Assign8: Support Vector Classification

Due Date: Nov 25, before midnight (11:59:59PM)

Dataset

Download the Steel Industry Energy Consumption Dataset from the UCI Machine Learning repository. Extract the Steel_industry_data.csv datafile. You should parse and store the data as a data matrix, focusing only on the 6 continuous attributes (see datafile or link above for names/descriptions). Thus, your data matrix will have 35040 points in 6 dimensions. However, in addition you should record the last attribute (load type) for each point. We will use this as the class label.
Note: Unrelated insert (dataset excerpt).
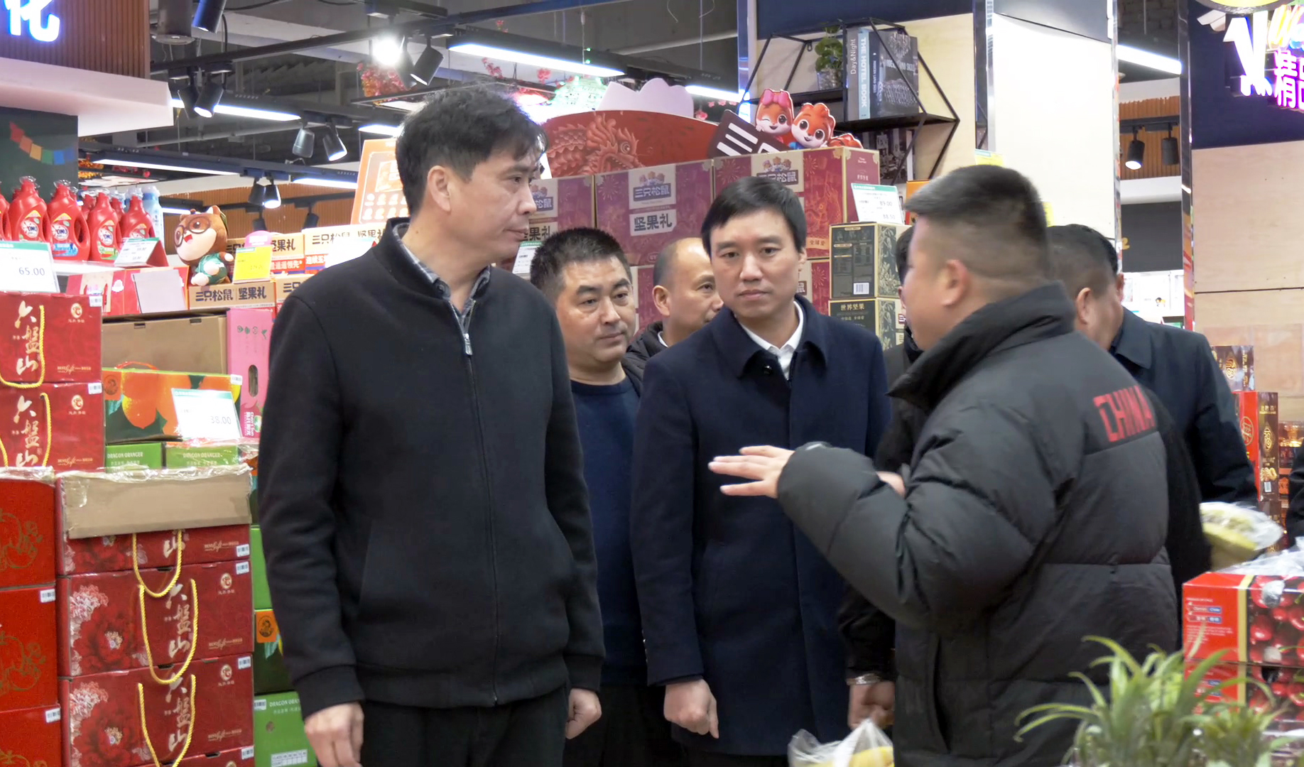 2月4日上午,区长吴大林带领区应急管理局、市场监管局、经贸局等部门负责同志,在中心城区督导检查市场保供和重点领域安全生产工作。区委常委、常务副区长晏清泉一同检查。

However, instead of three classes, we will use 'Light Load' as the positive class (+1) and the other two classes (combined) as the negative class (-1), so that we get a binary classification task.

First use random seed 42, and np.random.permutation to permute the points, and select only the first 2000 points as the initial dataset. Next, Use sklearn.train_test_split, using 42 as the random_state, to create the training and testing data, using 80-20 split (i.e., 80% of the data as training and the remaining 20% as testing). So the training set will have 1600 points and testing points 400 points.

Part I: SVM

You will implement the dual SVM Algorithm 21.1 (Chapter 21, page 540), using hinge loss.
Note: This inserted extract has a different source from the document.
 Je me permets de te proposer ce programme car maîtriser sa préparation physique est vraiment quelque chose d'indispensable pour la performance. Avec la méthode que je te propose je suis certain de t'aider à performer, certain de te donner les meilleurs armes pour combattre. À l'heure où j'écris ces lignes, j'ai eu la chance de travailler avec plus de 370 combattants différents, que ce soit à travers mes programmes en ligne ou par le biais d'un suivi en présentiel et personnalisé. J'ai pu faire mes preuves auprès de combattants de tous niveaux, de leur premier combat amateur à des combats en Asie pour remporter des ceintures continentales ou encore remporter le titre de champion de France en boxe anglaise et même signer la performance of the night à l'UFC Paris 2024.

You must implement two kernels, namely, both linear and Gaussian. You must select the best $C$ value using the validation set, and the same goes for the spread parameter $\sigma^2$ for the Gaussian kernel.

Report the test accuracy for the different kernels, and the best value of the hyperparameters, that should be selected based on the validation accuracy.

Accuracy is defined as the number of correct predictions over the number of points in a given dataset (e.g., validation set or testing set).

CSCI6390

In addition, you must also implement the inhomogeneous polynomial kernel. You need to select the best degree and $C$ value.

Report the test accuracy and the best hyperparameters used based on the validation accuracy.

Part II: Questions

Submit your solutions to the following questions:

Chapter 21: Q1, Q2
Chapter 25: Q1

What to submit

Submit your notebook named as assign8.ipynb. Include your paper-pencil answers as images in the notebook as well.

Policy on Academic Honesty

You are free to discuss how to tackle the assignment, but all coding must be your own. Any AI tool use must be declared. Any students caught violating the academic honesty principle (e.g., code similarity, or failure to disclose AI tools) will get an automatic F grade on the course and will be referred to the dean of students for disciplinary action.